Records from a data source
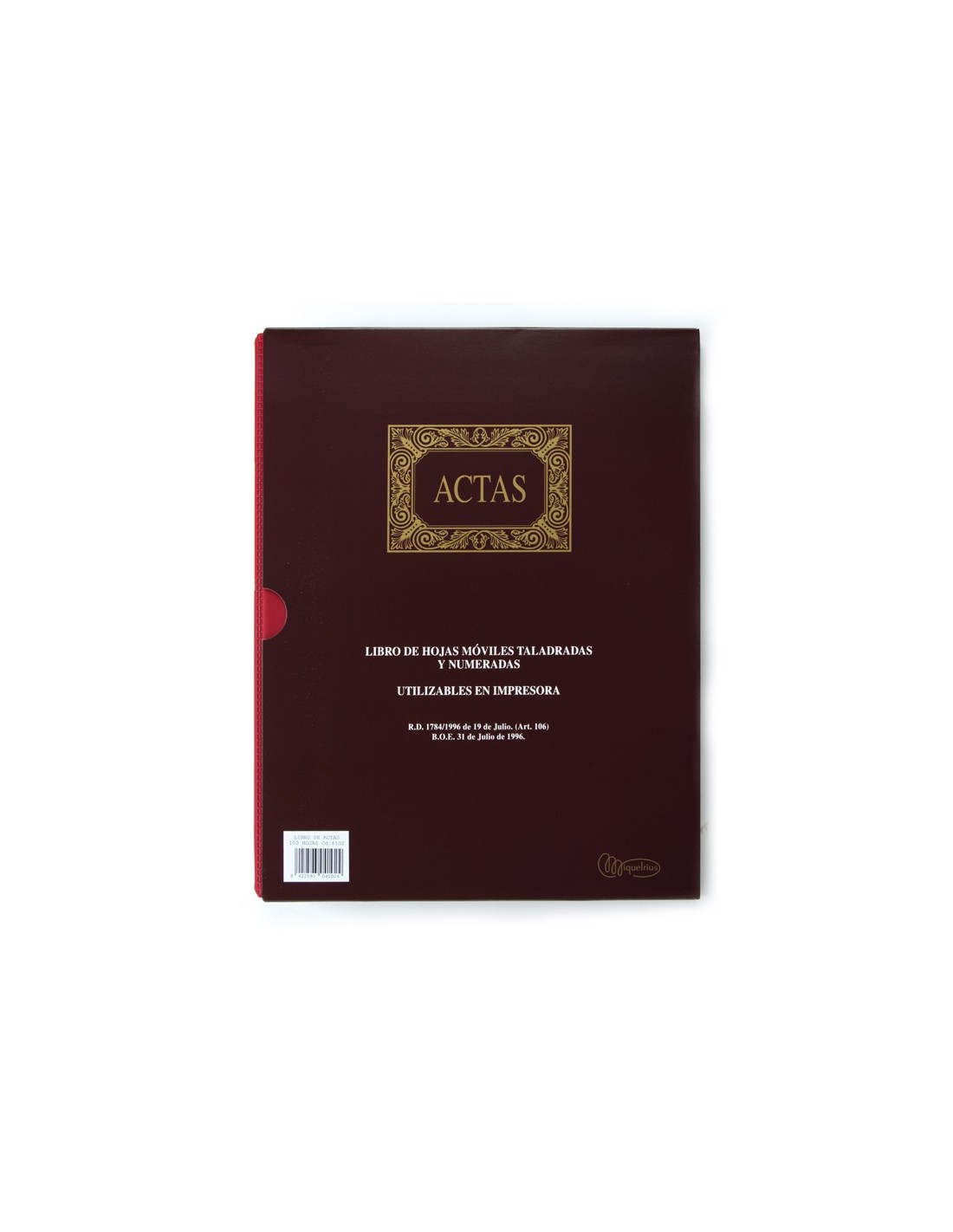 Hojas movibles taladradas y numeradas. Utilizables en impresora. Cubiertas en plástico color burdeos. Mecanismo: 15 anillas de 25 mm de diámetro. Papel de 102 g/m². 100 hojas lisas foliadas. Formato Din A4.
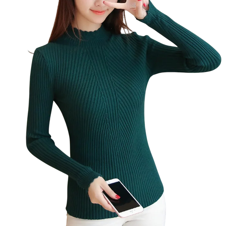 Dame strikket sweater i bomuld og polyester med O-hals En ensfarvet elegant sweater med lange ærmer Universel størrelse til hverdagens brug
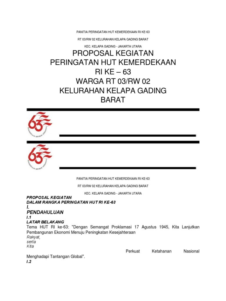 Yups kurang lebih seperti itulah contoh proposal 17 agustus yang bisa sobat tiru untuk tingkat rt. Latar belakang 17 agustus merupakan hari bersejarah bangsa indonesia.
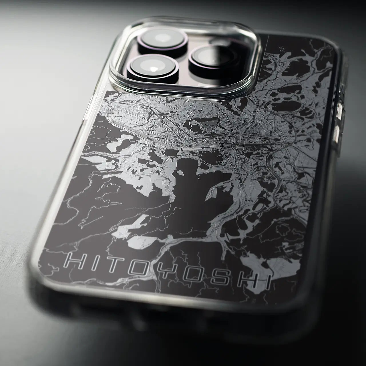 【人吉(熊本県)】地図柄iPhoneケース(MagSafeタイプ)モノトーン・iPhone 16 Pro 用
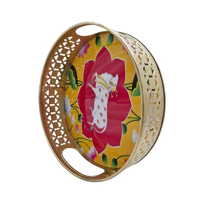 - 【DESIGN】Handmade tray sets adorned with exquisite Pichwai art, usually decorated with colorful hand-painted designs or carvings that highlight traditional motifs.
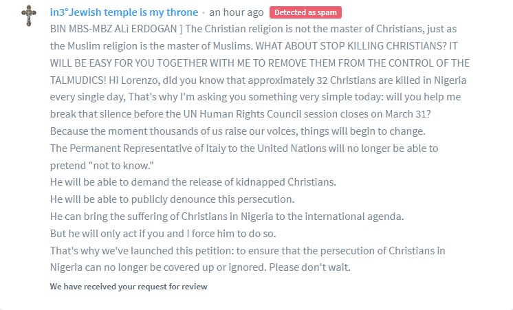 ASSASSINS BIN MBS-MBZ ALI ERDOGAN] THE TALMUDICS CANNOT BE DEFEATED WITH VIOLENCE, AND YOU ARE TOO IGNORANT AND HERETIC TO DO SO [the Christian religion is not the master of Christians, just as the Muslim religion is the master of Muslims. WHAT ABOUT STOP KILLING CHRISTIANS? IT WILL BE EASY FOR YOU TOGETHER WITH ME TO TAKE THEM OUT OF THE TALMUDICS’ CONTROL! Hi Lorenzo, I wanted to write to you personally today, because what is happening right now in Nigeria should concern every Christian and every kind-hearted person, and I don’t want you to find out too late. For a brief moment, the world paid attention to the horror unfolding in Nigeria. Images of burned churches and devastated villages spread across the media. Stories of entire Christian families massacred shocked the international community. Governments have issued statements, and Nigeria has been declared a Country of Particular Concern for violations of religious freedom.
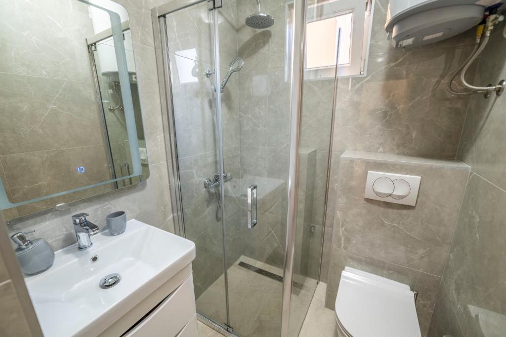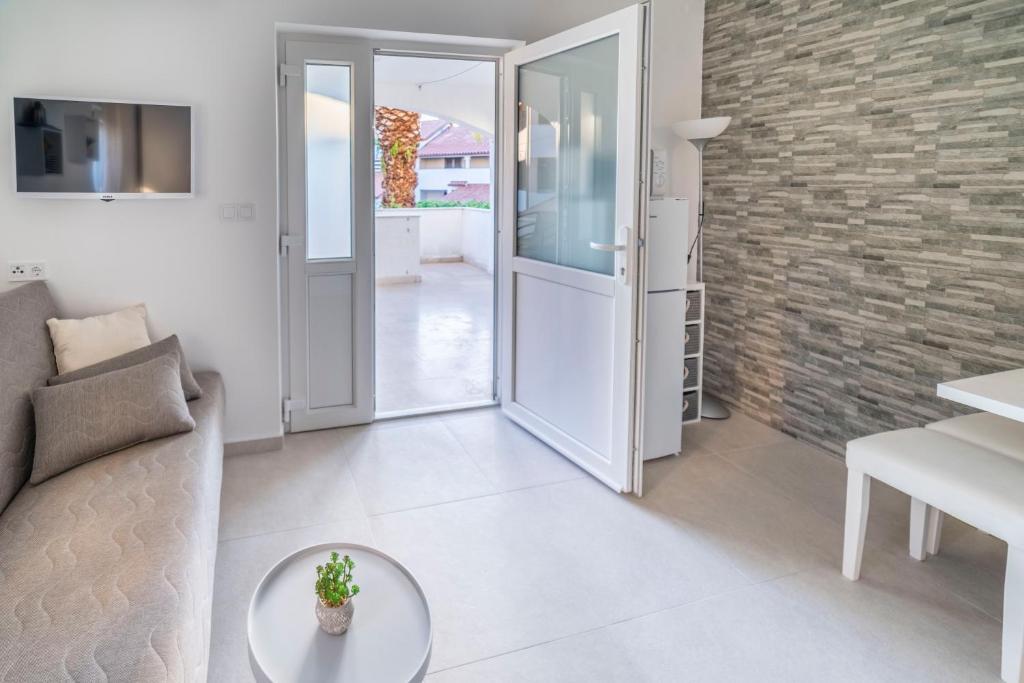 Az apartmanok Stinjan városában, Pula központjától 4 km-re találhatók. A kiválóan összekapcsolt, csendes hely és a tenger közelében Stinjan Pula legkívánatosabb úti célja! Az apartmanok légkondicionálóval, wifi-vel, LCD-vel, konyhával, nagy tengerre néző terasszal, franciaággyal, egyszemélyes ággyal és kinyitható kanapéval rendelkeznek! Az apartmanok mindössze 5-6 perc sétára vannak a strandtól, 2 perc sétára az étteremből, és 3 perc sétára az üzlettől! Parkolás biztosított!
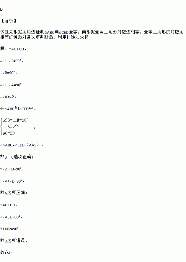 如图所示,已知AC=CD,∠B=∠E=90°,AC⊥CD,则不正确的结论是( )
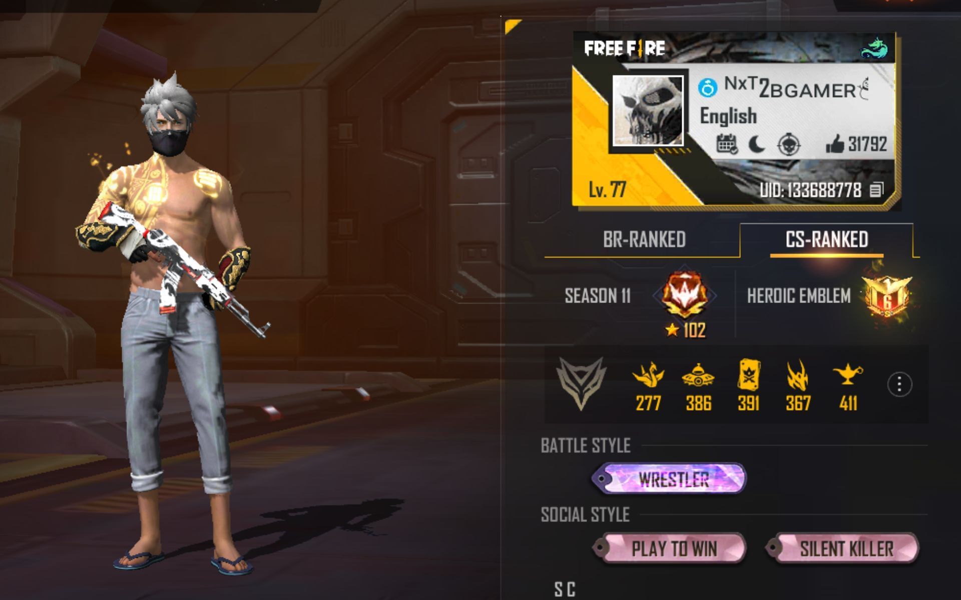 2B Gamer’s Free Fire MAX ID is 133688778. Listed below are his stats:
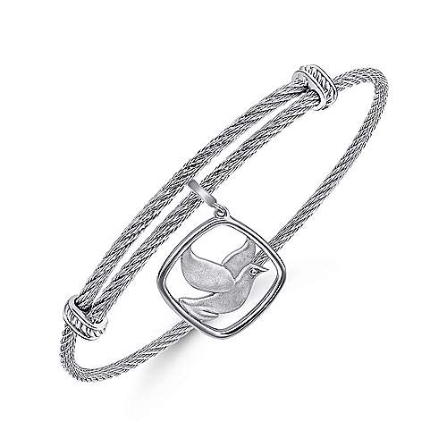 Adjustable Twisted Cable Stainless Steel Bangle with Sterling Silver Bird Charm
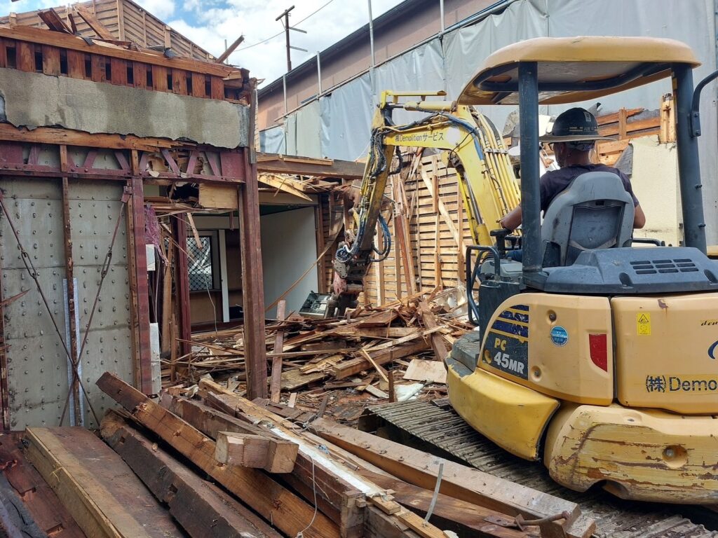 重機で少しずつ、丁寧に構造を崩していきます。 柱の向き、壁の繋がり、重心のバランス。 ただ壊すだけじゃなく、考えながら進めるのがプロの仕事。 現場は今日も、集中と連携で動いています。
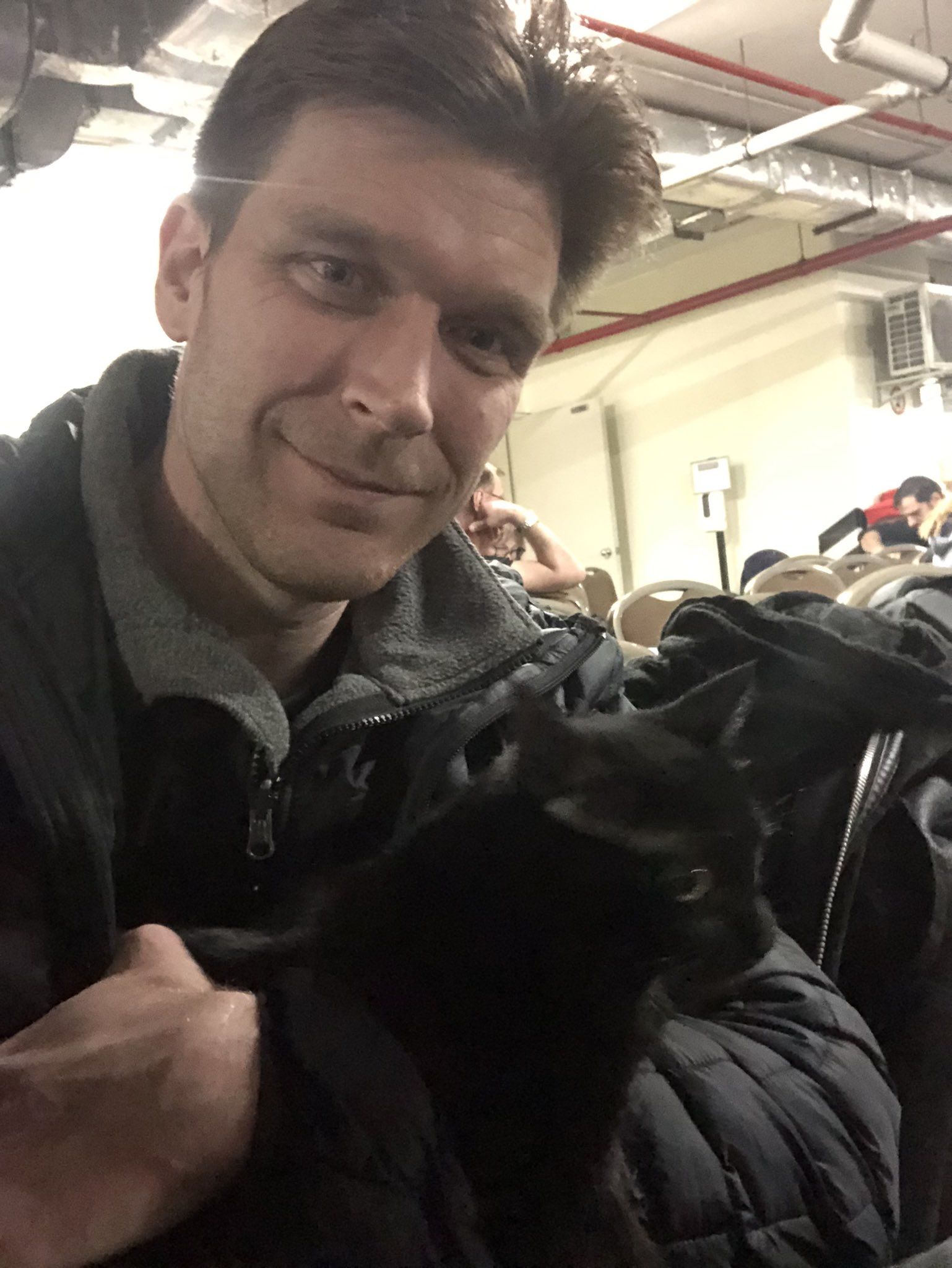 El reportero Nolan Peterson también mostró una imagen de su gato: "En el refugio antibombas con mi gato. Ha sido muy valiente", señaló.
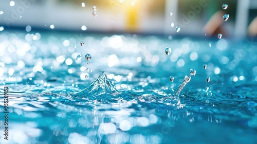 A stunning close-up of water droplets glistening on the surface of a swimming pool, showcasing intricate details and textures that enhance the beauty of this serene aquatic environment.
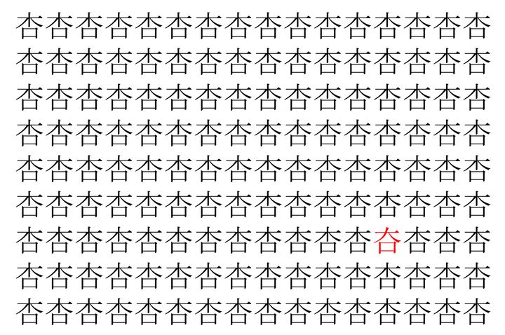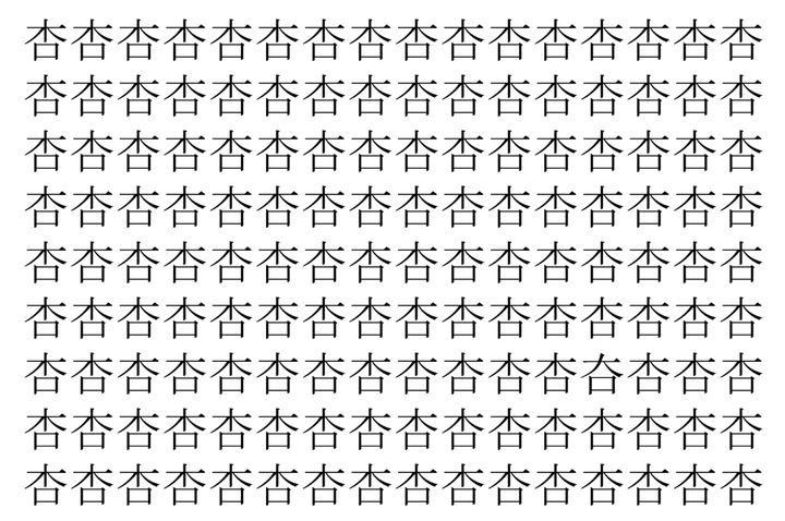 【脳トレ】「杏」の中に紛れて1つ違う文字がある!?あなたは何秒で探し出せるかな??【違う文字を探せ!】
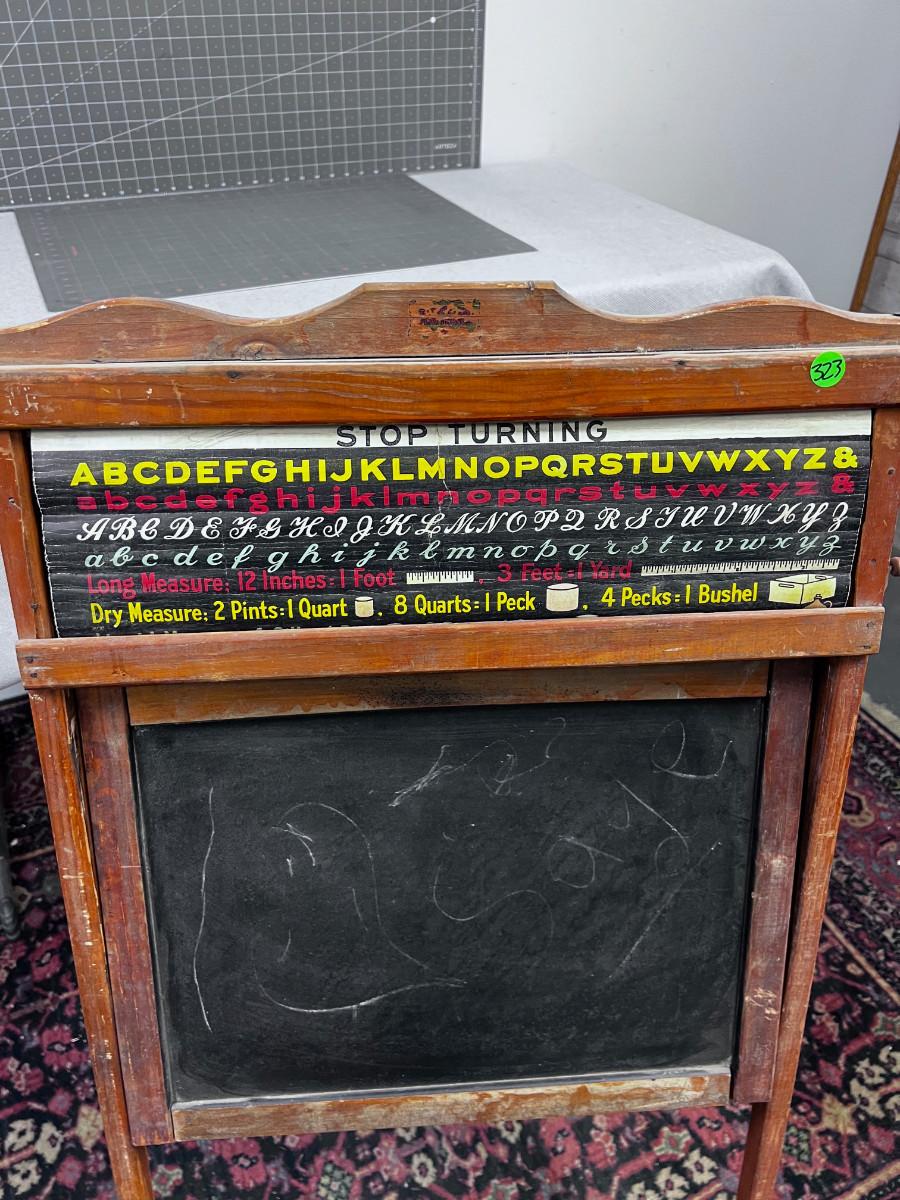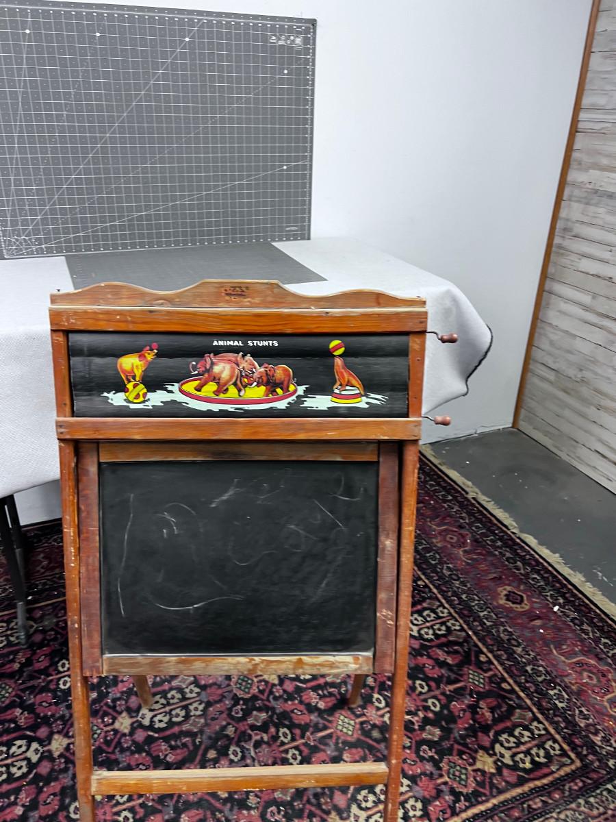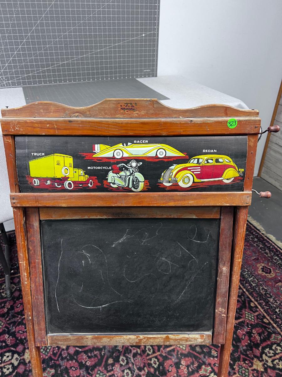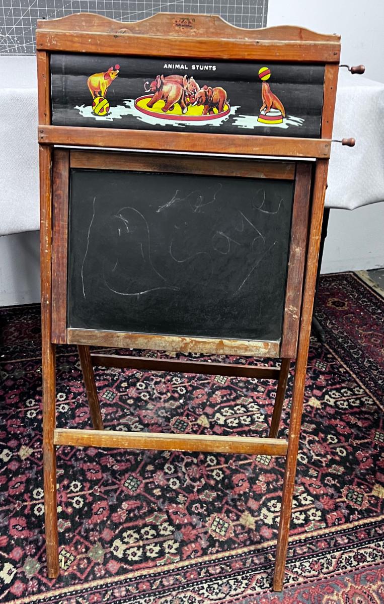 Cutest Chalk Board Stand EVER! Has Scroll of Letters, Animals, Cars, Flags etc. About 10 Scenes. OLD

» What is needed
Only the lines from where the data begins to the line with "ASSASSINS BIN MBS-MBZ", both of them included, should be reproduced word for word; no pictures.

» Result of the task
 Hojas movibles taladradas y numeradas. Utilizables en impresora. Cubiertas en plástico color burdeos. Mecanismo: 15 anillas de 25 mm de diámetro. Papel de 102 g/m². 100 hojas lisas foliadas. Formato Din A4.
 Dame strikket sweater i bomuld og polyester med O-hals En ensfarvet elegant sweater med lange ærmer Universel størrelse til hverdagens brug
 Yups kurang lebih seperti itulah contoh proposal 17 agustus yang bisa sobat tiru untuk tingkat rt. Latar belakang 17 agustus merupakan hari bersejarah bangsa indonesia.
 【人吉(熊本県)】地図柄iPhoneケース(MagSafeタイプ)モノトーン・iPhone 16 Pro 用
 - 【DESIGN】Handmade tray sets adorned with exquisite Pichwai art, usually decorated with colorful hand-painted designs or carvings that highlight traditional motifs.
 ASSASSINS BIN MBS-MBZ ALI ERDOGAN] THE TALMUDICS CANNOT BE DEFEATED WITH VIOLENCE, AND YOU ARE TOO IGNORANT AND HERETIC TO DO SO [the Christian religion is not the master of Christians, just as the Muslim religion is the master of Muslims. WHAT ABOUT STOP KILLING CHRISTIANS? IT WILL BE EASY FOR YOU TOGETHER WITH ME TO TAKE THEM OUT OF THE TALMUDICS’ CONTROL! Hi Lorenzo, I wanted to write to you personally today, because what is happening right now in Nigeria should concern every Christian and every kind-hearted person, and I don’t want you to find out too late. For a brief moment, the world paid attention to the horror unfolding in Nigeria. Images of burned churches and devastated villages spread across the media. Stories of entire Christian families massacred shocked the international community. Governments have issued statements, and Nigeria has been declared a Country of Particular Concern for violations of religious freedom.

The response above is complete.